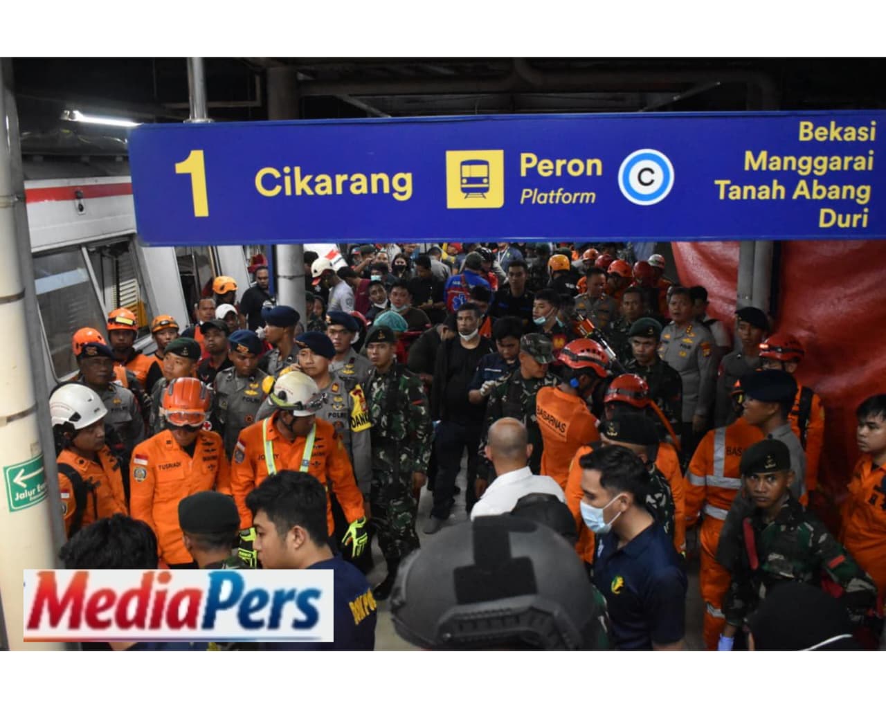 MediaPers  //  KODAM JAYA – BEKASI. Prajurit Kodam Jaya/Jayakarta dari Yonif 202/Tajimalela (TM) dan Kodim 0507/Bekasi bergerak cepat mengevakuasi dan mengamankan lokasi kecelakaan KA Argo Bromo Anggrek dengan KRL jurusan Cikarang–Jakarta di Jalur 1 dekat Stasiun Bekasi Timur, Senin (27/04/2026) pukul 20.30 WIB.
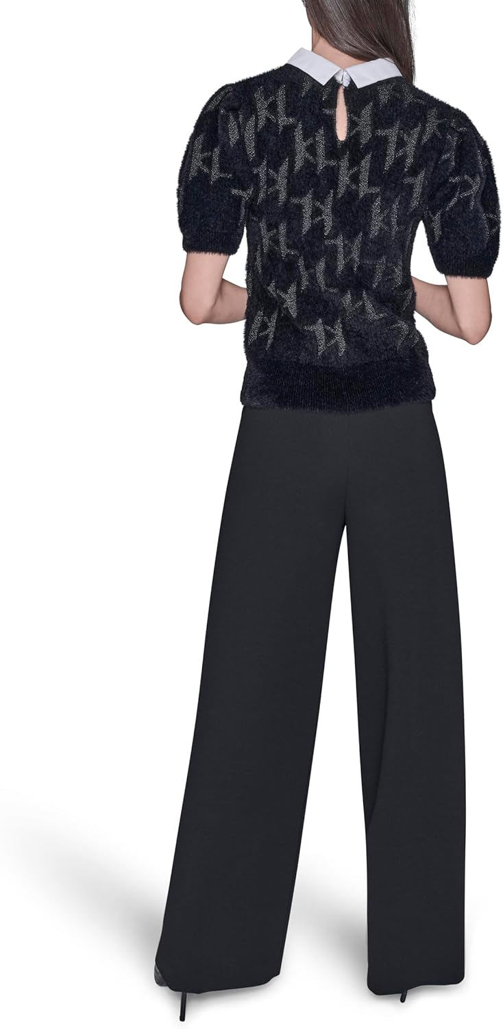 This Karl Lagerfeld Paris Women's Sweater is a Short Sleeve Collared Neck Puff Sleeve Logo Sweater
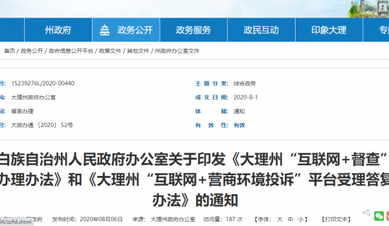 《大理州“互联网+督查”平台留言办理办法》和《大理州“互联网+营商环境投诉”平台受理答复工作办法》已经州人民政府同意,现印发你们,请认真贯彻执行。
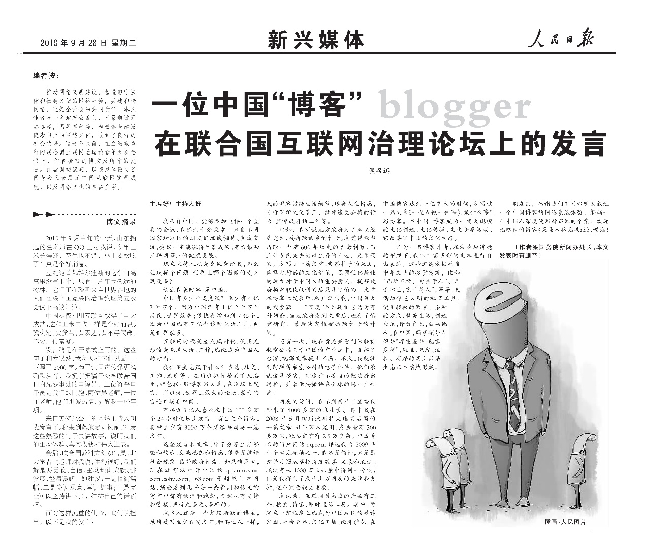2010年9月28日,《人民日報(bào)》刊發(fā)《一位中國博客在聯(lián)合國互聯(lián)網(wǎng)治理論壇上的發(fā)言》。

PROBLEM STATEMENT: The task requires that every line above be transcribed exactly, without the images.

WRITTEN ANSWER:
 MediaPers  //  KODAM JAYA – BEKASI. Prajurit Kodam Jaya/Jayakarta dari Yonif 202/Tajimalela (TM) dan Kodim 0507/Bekasi bergerak cepat mengevakuasi dan mengamankan lokasi kecelakaan KA Argo Bromo Anggrek dengan KRL jurusan Cikarang–Jakarta di Jalur 1 dekat Stasiun Bekasi Timur, Senin (27/04/2026) pukul 20.30 WIB.
 This Karl Lagerfeld Paris Women's Sweater is a Short Sleeve Collared Neck Puff Sleeve Logo Sweater
 《大理州“互联网+督查”平台留言办理办法》和《大理州“互联网+营商环境投诉”平台受理答复工作办法》已经州人民政府同意,现印发你们,请认真贯彻执行。
2010年9月28日,《人民日報(bào)》刊發(fā)《一位中國博客在聯(lián)合國互聯(lián)網(wǎng)治理論壇上的發(fā)言》。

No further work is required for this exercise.